EXERCISE - Restate the listing below word for word; no picture is to be carried over.

SOURCE DATA -
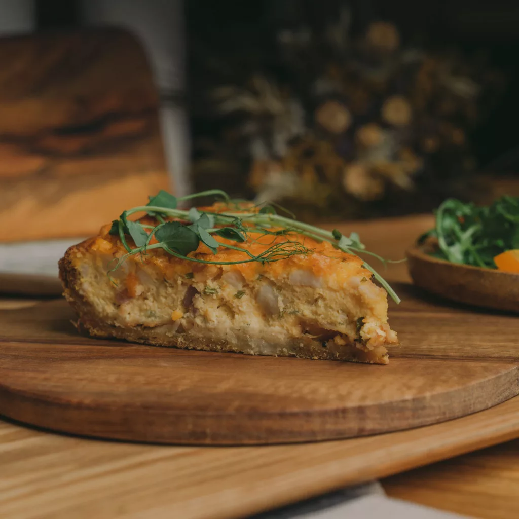 Házias sonkás-hagymás quiche gazdag gouda sajttal és tejszínes töltelékkel, ropogós, teljes kiőrlésű tésztaágyon. Egy igazi francia klasszikus, amely melegen és hidegen is tökéletes gourmet kényeztetés.
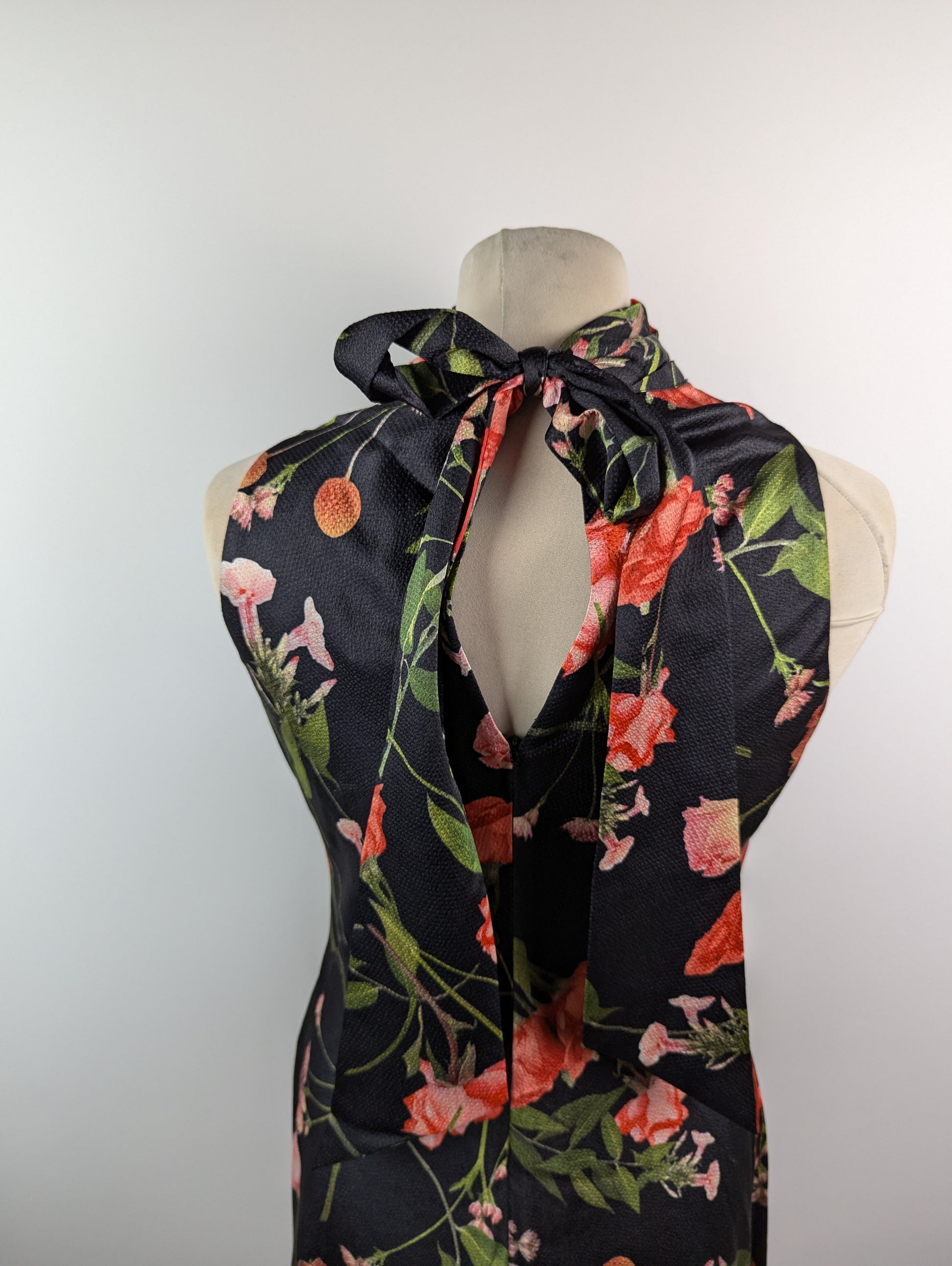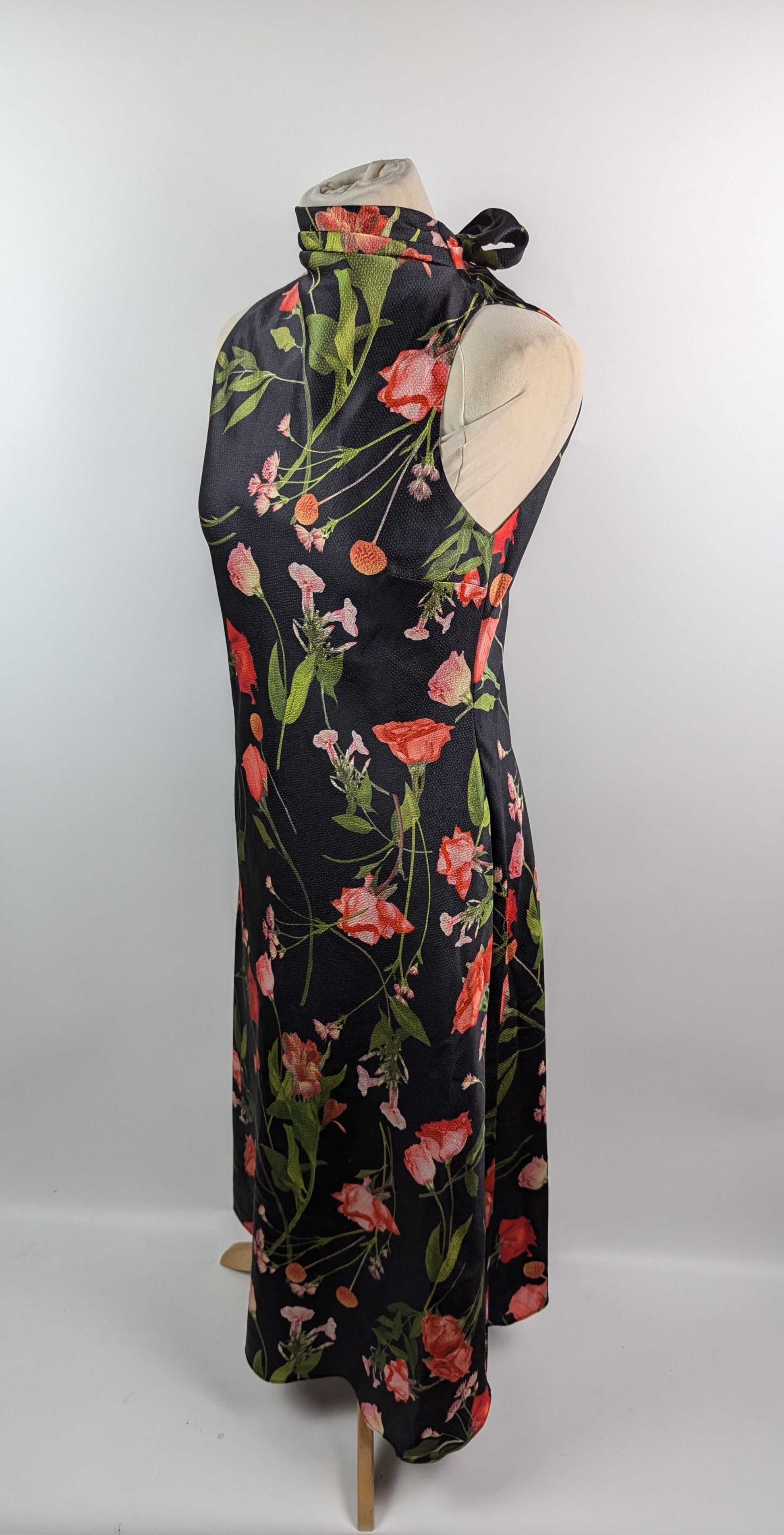 Crafted from 100% polyester, this midi dress features a halter neckline and sleeveless design. It showcases a fitted waist and an all-over floral pattern, secured with a zip closure at the back for a tailored fit.
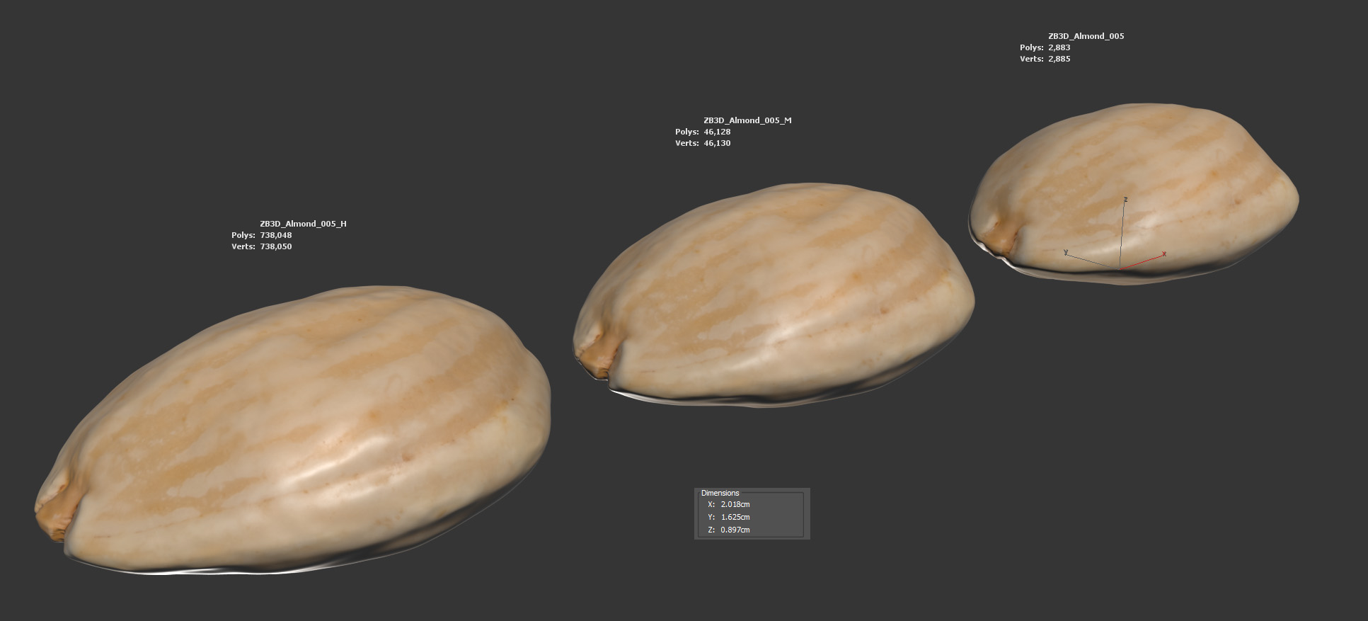 The almond model is presented as single mesh in 3 subdivision levels: low, mid and high. Meshes are quad based. The polycounts are: 2K, 46K and 738K . High detail model included in .max, .fbx and .obj formats.

EXERCISE RESPONSE -
 Házias sonkás-hagymás quiche gazdag gouda sajttal és tejszínes töltelékkel, ropogós, teljes kiőrlésű tésztaágyon. Egy igazi francia klasszikus, amely melegen és hidegen is tökéletes gourmet kényeztetés.
 Crafted from 100% polyester, this midi dress features a halter neckline and sleeveless design. It showcases a fitted waist and an all-over floral pattern, secured with a zip closure at the back for a tailored fit.
 The almond model is presented as single mesh in 3 subdivision levels: low, mid and high. Meshes are quad based. The polycounts are: 2K, 46K and 738K . High detail model included in .max, .fbx and .obj formats.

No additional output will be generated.